Create a `.env` file (or use your secret manager of choice) with the configuration keys expected by `config/settings.py`. A minimal example:

```bash
APP_NAME="UN WebTV Analysis Platform"
AZURE_OPENAI_API_KEY="..."
AZURE_OPENAI_ENDPOINT="https://.openai.azure.com/"
AZURE_OPENAI_DEPLOYMENT_NAME="gpt-4o-unga"
AZURE_TRANSCRIBE_DIARIZE_DEPLOYMENT_NAME="gpt-4o-transcribe-diarize"
AZURE_SPEECH_KEY="..."
AZURE_SPEECH_REGION="eastus2"
COSMOS_ENDPOINT="https://.documents.azure.com:443/"
COSMOS_KEY="..."
COSMOS_DATABASE_NAME="untv_analysis"
BLOB_CONNECTION_STRING="DefaultEndpointsProtocol=...;"
BLOB_CONTAINER_AUDIO="audio-temp"
BLOB_CONTAINER_TRANSCRIPTS="transcripts"
SEARCH_ENDPOINT="https://.search.windows.net"
SEARCH_API_KEY="..."
SEARCH_INDEX_NAME="untv-segments"
```

Refer to `config/settings.py` for the full list of configurable options (deployment names, rate limits, logging paths, etc.).

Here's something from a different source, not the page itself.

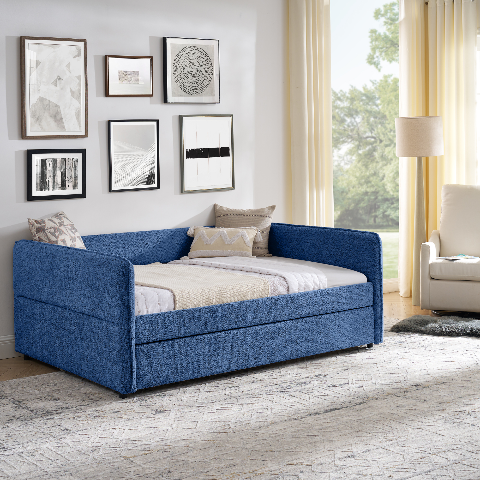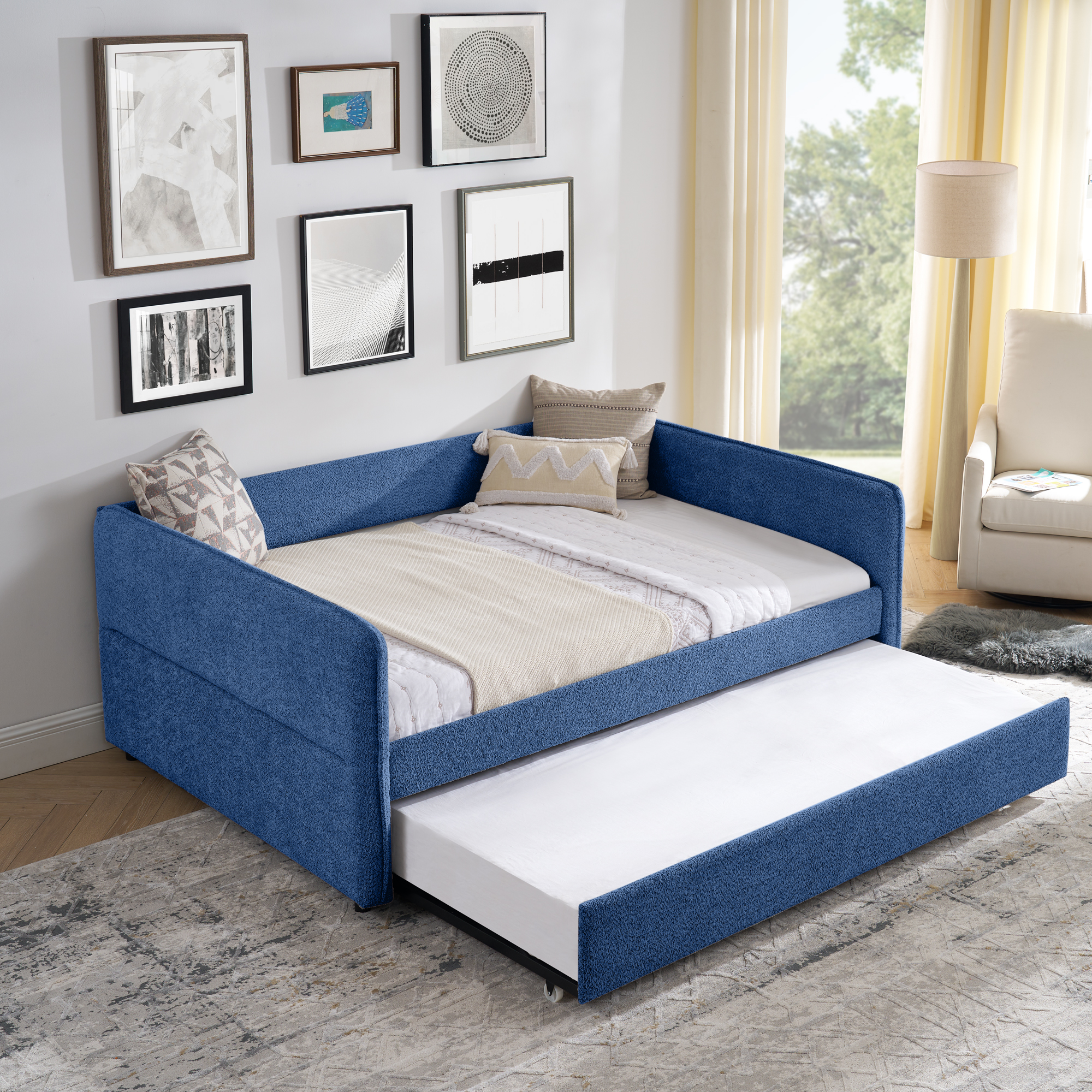 - [Functional Trundle] This exceptional piece of living room furniture is manufactured to meet your needs, allowing the cozy bed to not only afford a comfortable seating experience but also one trundle under the bed provide more sleeping space.

### 5. Run the Streamlit application

```bash
streamlit run app.py
```

Optional: if you split the API backend and the UI, expose any FastAPI routes with Uvicorn (e.g., `uvicorn backend.api:app --reload`) before launching the UI.

## Project Structure

```
un-webcast-simple/
├── app.py # Streamlit entry point
├── pages/ # Additional Streamlit pages (visualizations, catalog, etc.)
├── backend/
│ ├── services/ # Ingestion, audio processing, OpenAI, database helpers
│ ├── models/ # Pydantic data models
│ └── api/ # FastAPI surface (coming soon)
├── config/ # Pydantic settings and configuration helpers
├── scripts/ # Operational scripts (maintenance, utilities)
├── tests/ # Automated test suite
├── docs/ # Architecture and deployment docs (extend as needed)
└── requirements.txt # Python dependencies
```

## Testing & Quality Checks

```bash
pytest # run unit/integration tests
pytest --cov # include coverage reporting
black . # format code
flake8 # lint
mypy . # static type checking
```

Manual diagnostic scripts for Azure integrations live in `scripts/manual/`. Run them directly with `python scripts/manual/.py` once your environment is configured.

## Documentation

- [Architecture](ARCHITECTURE.md) – system design and processing pipeline
- Add API specs, deployment runbooks, and contributor guidelines before public release (see checklist below).

## Contributing

Issues and pull requests are welcome. Please open a discussion if you plan significant changes so we can align on direction and Azure resource usage. See [CONTRIBUTING.md](CONTRIBUTING.md) and follow the [Code of Conduct](CODE_OF_CONDUCT.md).

## License

Distributed under the [MIT License](LICENSE).